Abstract:Self-supervised pre-training vision transformer (ViT) via masked image modeling (MIM) has been proven very effective. However, customized algorithms should be carefully designed for the hierarchical ViTs, e.g., GreenMIM, instead of using the vanilla and simple MAE for the plain ViT. More importantly, since these hierarchical ViTs cannot reuse the off-the-shelf pre-trained weights of the plain ViTs, the requirement of pre-training them leads to a massive amount of computational cost, thereby incurring both algorithmic and computational complexity. In this paper, we address this problem by proposing a novel idea of disentangling the hierarchical architecture design from the self-supervised pre-training. We transform the plain ViT into a hierarchical one with minimal changes. Technically, we change the stride of linear embedding layer from 16 to 4 and add convolution (or simple average) pooling layers between the transformer blocks, thereby reducing the feature size from 1/4 to 1/32 sequentially.
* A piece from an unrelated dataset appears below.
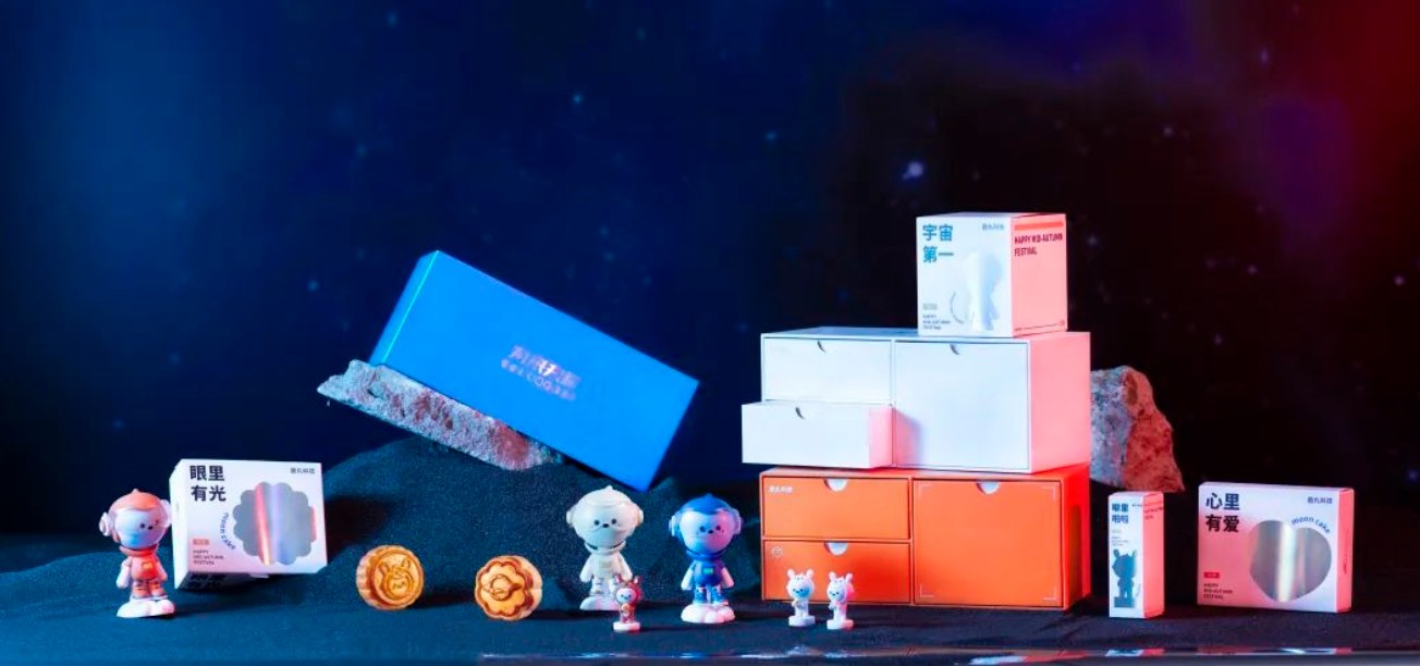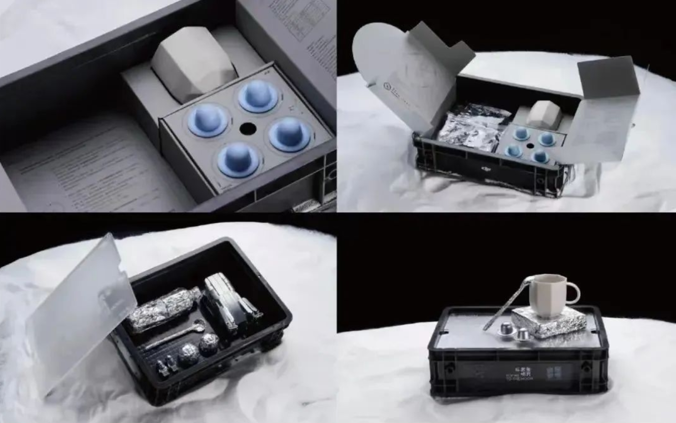 登月行囊共有四樣物品:無人機積木、像素馬克杯、月餅和飛碟咖啡,

Despite its simplicity, it outperforms the plain ViT baseline in classification, detection, and segmentation tasks on ImageNet, MS COCO, Cityscapes, and ADE20K benchmarks, respectively. We hope this preliminary study could draw more attention from the community on developing effective (hierarchical) ViTs while avoiding the pre-training cost by leveraging the off-the-shelf checkpoints. The code and models will be released at https://github.com/ViTAE-Transformer/HPViT.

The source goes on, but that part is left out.